I dont and experiance great success even factoring in panel movement. Its I guess about how you apply and what type stain,etc your applying. I have had two holidays show up in the last twenty or so years that I am aware of due to shrinkage. Not bad for 600-700 doors a year and now down to approx. 200. About 80 % of my doors are finished by me or an employee. Good luck with it ! JB


----------



## patron (Apr 2, 2009)

never have stained the panels first
the rails styles need to be done too
and run over on the panel

as cabmaker said
the stain runs into the panels
so if they do shrink
there is stain there too
(if applying with a brush)
unless you do that wiping cream stain

that way the whole door is wiped at the same time
and has an even stain


----------



## cabmaker (Sep 16, 2010)

Right on Patron !


----------



## oldnovice (Mar 7, 2009)

I do it pre-assembly because *it's easier!*


----------



## Swyftfeet (Jun 15, 2012)

Do you folks do all the finishing pre-assembly or just staining? Or do y just do all finishing on the panels?

On my blanket chest I was considering finish the panels entirely, Sand, seal a cell, sand 3 coats of arm-a-seal,
Then do the panel glue up, sand and finish the 4 panels and the top, then glue up the 4 sides and the base, touch up what is needed… Does this sound right?

Thanks ahead of time!


----------



## Swyftfeet (Jun 15, 2012)

Do you folks do all the finishing pre-assembly or just staining? Or do y just do all finishing on the panels?

On my blanket chest I was considering finish the panels entirely, Sand, seal a cell, sand 3 coats of arm-a-seal,
Then do the panel glue up, sand and finish the inside of the 4 panels and the top, then glue up the 4 sides and the base, finish the outside, touching up what is needed… Does this sound right?

Thanks ahead of time!


----------



## Cosmicsniper (Oct 2, 2009)

I do just the staining on the very edges of the panels, Brian. But this is largely because I spray and can't get underneath. Stains should run enough to get inside the groove enough to cover your bases.

There shouldn't be a ton of movement of the panels anyway, even over time. It's just that the panel needs to float and not be bound down with glue. It's a precaution. Sometimes our grooves get a little deeper than we'd like because we are going faster than we should or we aren't cutting our panels to the exacting size to close up the copes (or possible miters). As Mike mentioned, one technique is to cut the panel undersized and then use "Space Balls," which are little BBs that you can wedge in the groove to act as spacers to fill up the extra space.
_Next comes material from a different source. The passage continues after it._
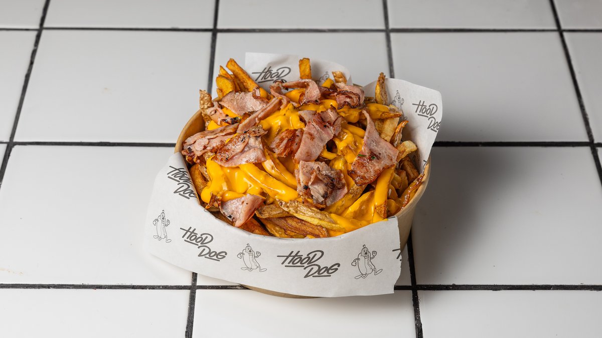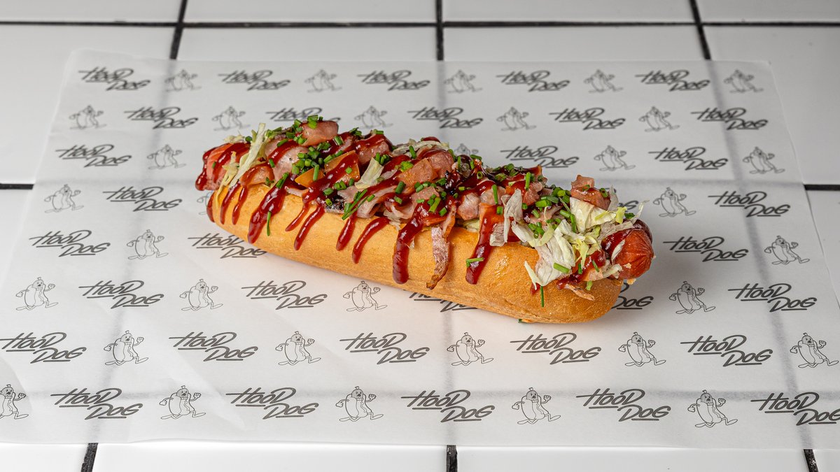 Λουκάνικο Φρανκφούρτης, bacon, ντομάτα, καραμελωμένο κρεμμύδι και bbq σως

But if you leave too much wiggle room, which isn't a bad thing, then you need to account for the shifting of the panel with your color.
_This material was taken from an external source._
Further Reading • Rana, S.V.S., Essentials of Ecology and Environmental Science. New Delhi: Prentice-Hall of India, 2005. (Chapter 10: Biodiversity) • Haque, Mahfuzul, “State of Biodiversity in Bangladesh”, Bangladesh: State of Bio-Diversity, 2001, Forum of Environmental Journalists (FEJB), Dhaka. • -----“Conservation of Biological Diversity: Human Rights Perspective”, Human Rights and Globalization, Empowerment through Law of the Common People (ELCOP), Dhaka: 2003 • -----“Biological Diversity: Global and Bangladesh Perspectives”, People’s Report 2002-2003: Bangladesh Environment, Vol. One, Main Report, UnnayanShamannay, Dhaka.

A guy like Cabmaker, with repeating, standard cabinet builds would not feel the need to take that precaution. But some hack like me who never seems to build the same cabinet door twice would appreciate the extra wiggle room.
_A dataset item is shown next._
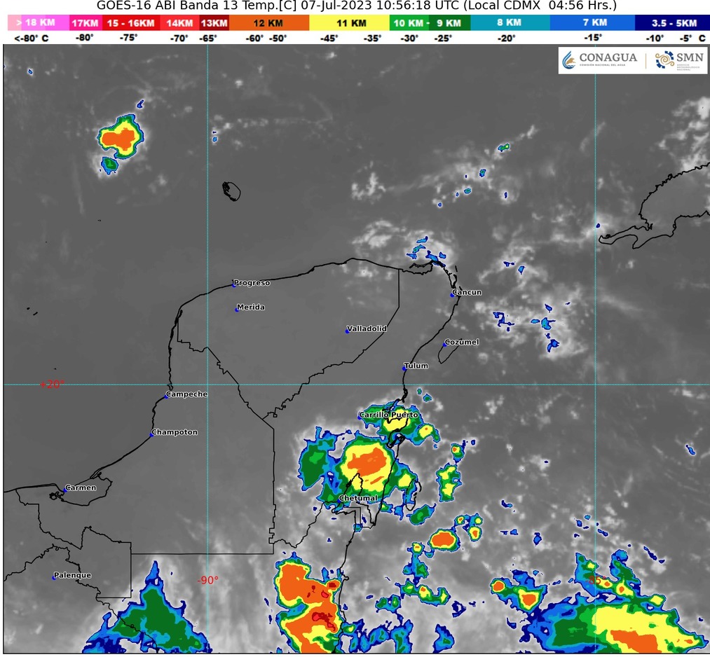 El pronóstico del tiempo para la Península de Yucatán es de cielo nublado durante el día, con lluvias puntuales muy fuertes en Campeche, y fuertes en Yucatán y Quintana Roo, acompañadas de descargas eléctricas y posible caída de granizo.

I WILL say this, however. I built a larger pantry door recently and I got too small with my panels (4 floating instead of just one on the same door). I colored the panels' edges just fine, but because I glazed those areas darkly afterwards, I hurt myself because my glaze did not cover the gaps created by the panel movement. It happens sometimes…and it meant that I needed to fix it.


----------



## oldnovice (Mar 7, 2009)

I do as much as possible before final assembly but I make sure that glue surfaces are not stained/finished to insure good glue surfaces. But that is just my way of doing things, others may do it differently for different reasons. For me it just seem easier to get into corners where stain and/or finish may build up!


----------



## Newton (Jun 29, 2008)

Finish the panels first.


----------



## Builder_Bob (Jan 9, 2010)

I didn't paint the panels before assembly in my four door dining room cabinet.

I wish I had.

Do it!


----------